Figure 3.Junction set assignments and antisense junction prevalence in additional normal tissue and cell type categories from the SRA, across cancers. (A) Upset-style plot with bar plots showing junction abundances across major sets (left) and set overlaps (top) across 33 cancers (error bars). Shown junctions are absent from all core normals. Unexplained junctions (red highlights) comprise junctions not present in any set categories studied (see also expanded set assignments in Supplementary Figure S3A). The developmental set comprises human development-related junctions not present in the category placenta.
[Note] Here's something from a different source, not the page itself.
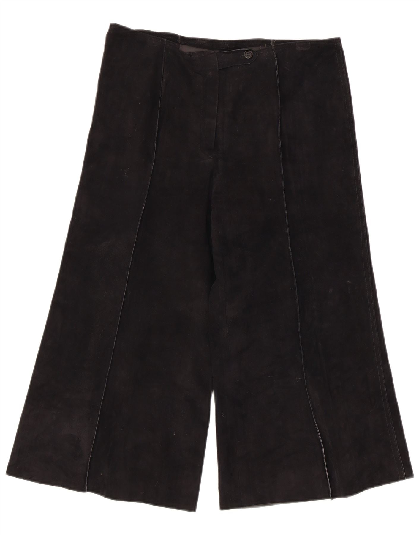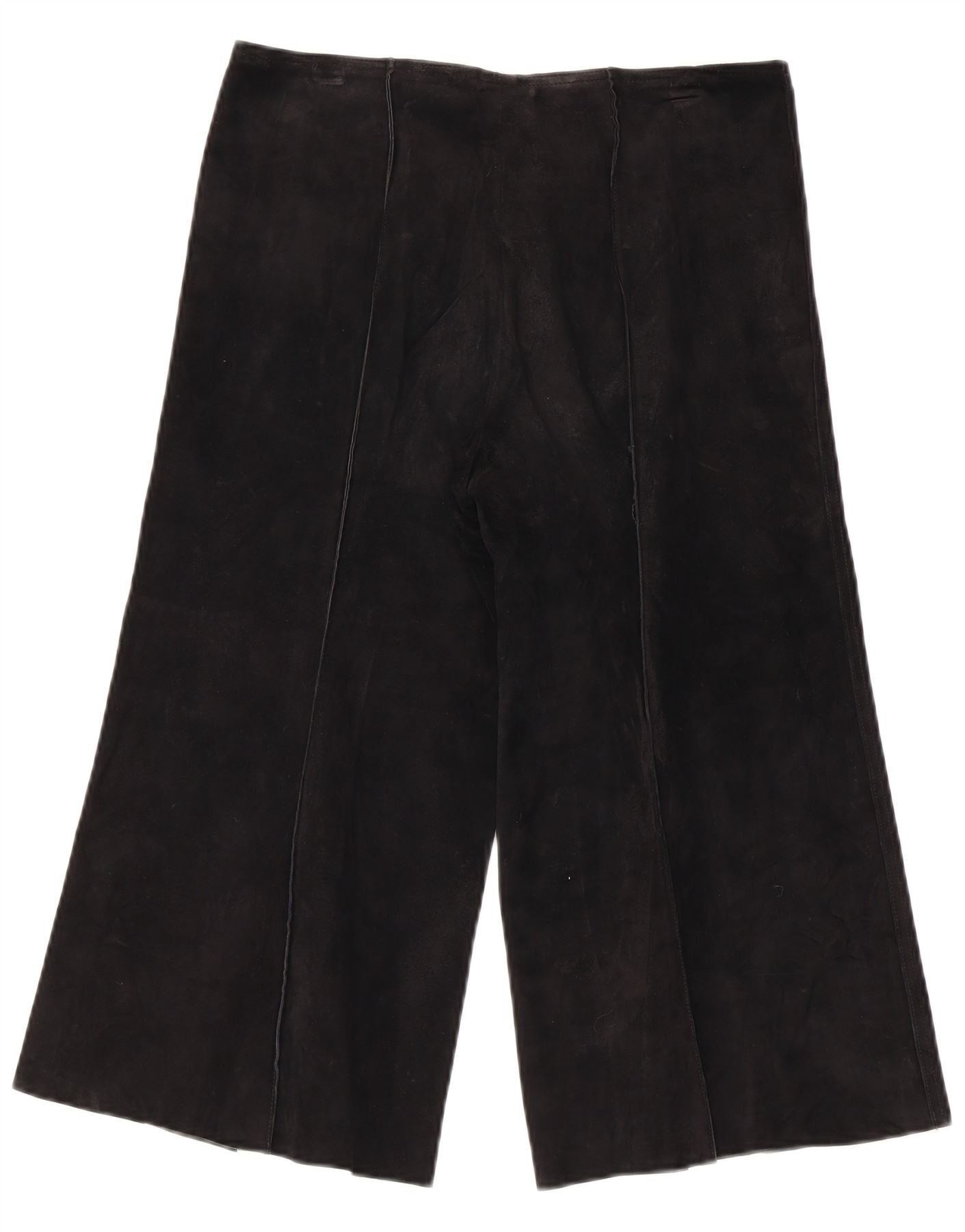 VINTAGE Womens Wide Leg Suede Capri Trousers W30 L19 Black

Scale is log10 of percent of junctions not found in core normals, calculated for each cancer. (B) Box plots showing, for each TCGA cancer type, the percent of junctions that are antisense for (green) junctions found in core normals, (aqua) junctions not found in core normals but found in other selected non-cancer adult tissue and cell samples from the SRA, (lavender) junctions not found in core normals or SRA non-cancer adult samples but found in selected developmental samples on the SRA, (apricot) junctions not found in core normals or SRA non-cancer adult samples but found in selected stem cell samples on the SRA and (red) junctions not found in core normals or selected non-cancer adult, developmental or stem cell samples from the SRA. Each point represents the percent of junctions from one cancer type in the given category (e.g. developmental) that are antisense. The table shows the median and interquartile range of the number of junctions in that category across all TCGA cancer types.